Accelerating MultiLayerQG on GPUs #373

mpudig · 2024-10-28T20:10:03Z

This pull request addresses accelerating the PV-stream function inversion in MultiLayerQG for arbitrary layers on a GPU, as discussed here.

I've used KernelAbstractions to optimize what used to be a loop over all (x, y). There is still a loop over number of layers squared. These changes greatly accelerate the code for certain set-ups with more than two layers based on some simple tests (seen here).

…ons on issue FourierFlows#112.

…lso explicitly import CPU, GPU from FourierFlows as there were conflicts with KernelAbstractions.

…er than 16.

navidcy · 2024-10-28T20:31:03Z

We should bump a patch release.

navidcy · 2024-10-28T20:32:23Z

src/multilayerqg.jl

+  # if dev == GPU() && nlayers > 2
+  #   @warn """MultiLayerQG module is not optimized on the GPU yet for configurations with
+  #   3 fluid layers or more!


Why comment these out? Delete?

navidcy · 2024-10-28T20:33:38Z

src/multilayerqg.jl

+  S, nlayers = params.S, params.nlayers
+  kernel!(qh, ψh, S, nlayers)
+
+  # This will ensure that no other operations occur until the kernel has finished


Suggested change

# This will ensure that no other operations occur until the kernel has finished

# Ensure that no other operations occur until the kernel has finished

navidcy · 2024-10-28T20:51:44Z

src/multilayerqg.jl

+"""
+    @kernel function streamfunctionfrompv_kernel!(ψh, qh, S⁻¹, nlayers)
+
+Kernel for GPU acceleration of streamfunction from PV calculation, i.e., invert the PV to obtain
+the Fourier transform of the streamfunction `ψh` in each layer from `qh` using `ψh = params.S⁻¹ qh`.
+"""
+@kernel function streamfunctionfrompv_kernel!(ψh, qh, S⁻¹, nlayers)
+    i, j = @index(Global, NTuple)
+
+    @unroll for k = 1:nlayers
+
+        @inbounds ψh[i, j, k] = 0
+
+        @unroll for m = 1:nlayers
+            @inbounds ψh[i, j, k] += S⁻¹[i, j][k, m] * qh[i, j, m]
+        end
+
+    end
+end
+


are the two kernel functions identical except the order they want their arguments?

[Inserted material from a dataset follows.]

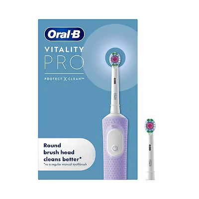 Oral B Vitality Pro Electric Toothbrushes For Adults, Fathers Day Gifts Him / Her, 1 Handle, 2 Toothbrush Heads, 3 Brushing Modes Including Sensitive Plus, Pin UK Plug, Purple

Looks like it yes. It'd probably make sense to write one kernel in the more general form.

I think so! Would make the code more robust.

glwagner · 2024-10-29T03:28:01Z

src/multilayerqg.jl

+  @unroll for k = 1:nlayers
+
+      @inbounds qh[i, j, k] = 0
+
+      @unroll for m = 1:nlayers


The @unroll don't do anything unless nlayers is known at compile time (this requires using Val, but I don't know if it will speed anything up... it might).

glwagner · 2024-10-29T03:29:31Z

src/multilayerqg.jl

+Kernel for GPU acceleration of PV from streamfunction calculation, i.e., obtaining the Fourier
+transform of the PV from the streamfunction `ψh` in each layer using `qh = params.S * ψh`.
+"""
+@kernel function pvfromstreamfunction_kernel!(qh, ψh, S, nlayers)


Suggested change

@kernel function pvfromstreamfunction_kernel!(qh, ψh, S, nlayers)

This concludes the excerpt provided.